A half-century later, activist and NM native Dolores Huerta continues to champion equality - Albuquerque Journal

A half-century later, activist and NM native Dolores Huerta continues to champion equality

Dolores Huerta poses for a portrait at the National Hispanic Cultural Center. (Jon Austria/Journal)

Challenges.

Dolores Huerta is not one to back down from them.

At 92, the longtime activist is still fighting for working people.

Huerta is back on her native New Mexico soil to participate the 30th Annual César Chávez and Dolores Huerta Celebration on Saturday at the National Hispanic Cultural Center.

Huerta and Chávez were the driving force behind the activist group, United Farm Workers of America, which fought to improve the lot of workers in the 1960s and ’70s. She was born in Dawson, now a ghost town in northeast New Mexico.

The event takes place from 9 a.m. to 3 p.m. where Huerta will not only be the keynote speaker but will also march with attendees down the street that bears both her name and César Chávez.

“God willing,” she says with a smile about the march. “It will be a slow march.”

A half-century later, Huerta says marching is still a good way to make an impact.

“I think marches make the difference,” Huerta says. “I think when people march together, they feel their energy and their collective power. It’s something that is memorable because people don’t forget.”

Today’s celebration, which is put on by the Recuerda a César Chávez Committee, is the only one of its kind in the country that honors both civil rights leaders.

President Barack Obama awards American labor leader and civil rights activist Dolores Huerta the Presidential Medal of Freedom, on May 29, 2012. (Carolyn Kaster/Associated Press)

According to the RCCC, the organization “shares the vision that César and Dolores championed – that nonviolence is our strength.”

Huerta says she is fortunate to be an activist, but she couldn’t have predicted the journey it would take her on.

“I say to people that when you become an activist, you never know where that road is going to lead you because there are so many exciting things that happen on that path,” Huerta says. “When you become an activist, you make history. If people don’t understand that, then they should at least understand why it’s important for them to become activists.”

Huerta works closely with the Dolores Huerta Foundation, which helps provide educational opportunities for communities across America.

She says the struggle is never over because there’s always an inequality.

“When you have so many people that are homeless right now, in the richest country in the world,” she says. “You see that we still don’t have equal rights for women. We don’t have free health care. We don’t have free college education. We don’t have free child care. Then we say, ‘What’s wrong with us?’ There’s a huge division in our society and that means we have to do a lot more.”

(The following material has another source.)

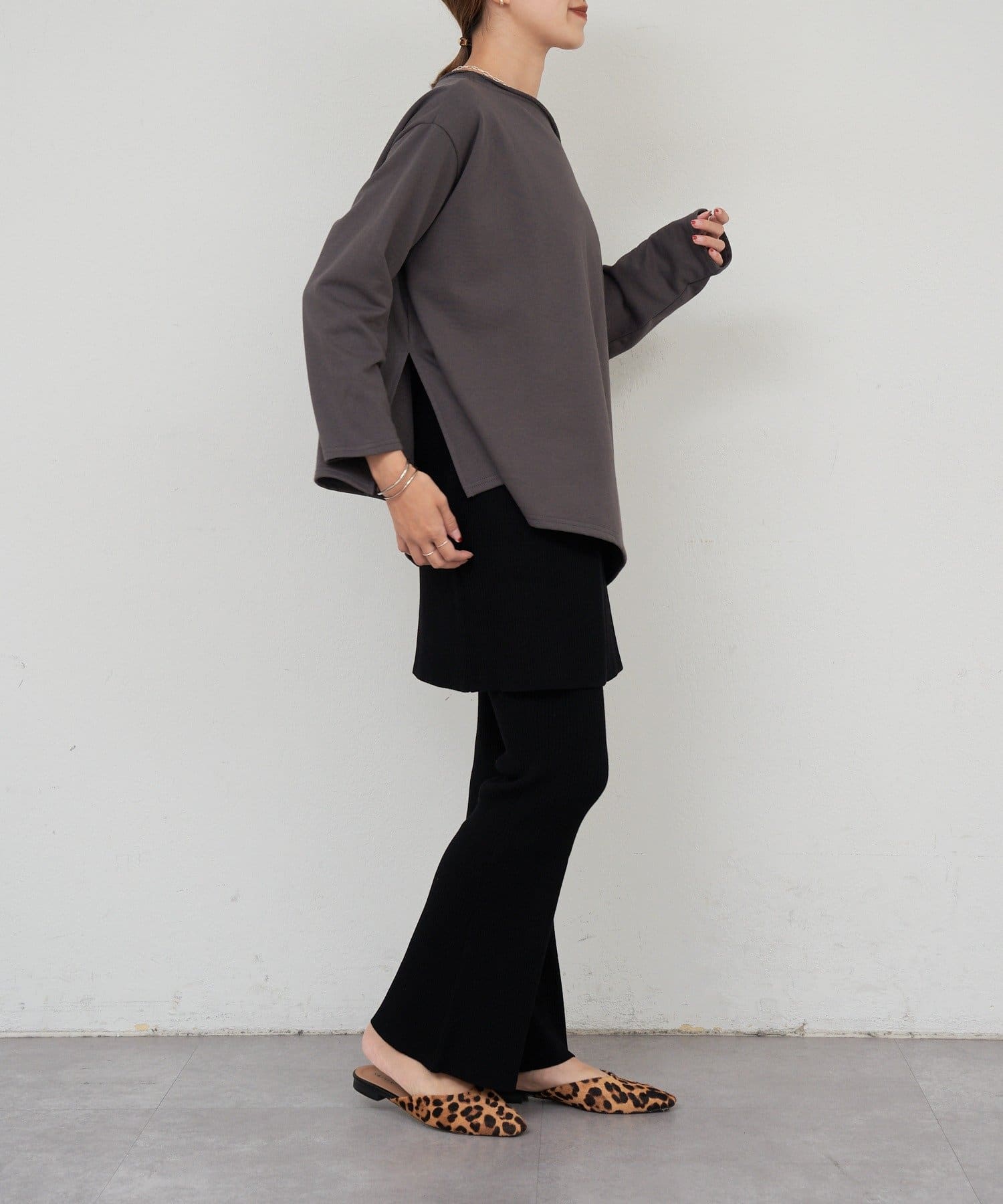 ヒップにかかる丈感で、抜け感のあるサイドスリットもポイントです。

Huerta says the key is for more people to get involved in the democratic process of voting and getting involved.

Education is also on her list where communities can make a difference.

United Farm Workers leader Dolores Huerta, center, leads a rally along with Howard Wallace, president of the San Francisco chapter of the UFW, left, and Maria Elena Chávez, 16, the daughter of César Chávez, right, in San Francisco’s Mission District on Nov. 19, 1988. (Court Mast/Associated Press)

“The division in our country comes from ignorance with people not knowing the history of the United States of America because they have been denied that history,” Huerta says. “Because education is key, we need to put more money into education. Our teachers are underpaid. They don’t have the support systems needed to succeed.”

Huerta says she is humbled to be involved with the 30th anniversary celebration in Albuquerque because the community honors the work of both activists.

“I would say it’s a symbolic thing for the whole country,” she says. “When you think of someone like César, who his entire life worked for farmworkers, and in the end we might say it precipitated the Chicano movement and ended up making so many changes in our country.

“Albuquerque is one city that chooses to celebrate that and it makes me really proud of it because it’s in my home state of New Mexico. I always invite people to come to New Mexico and get humanized because we’re full of kindness and service.”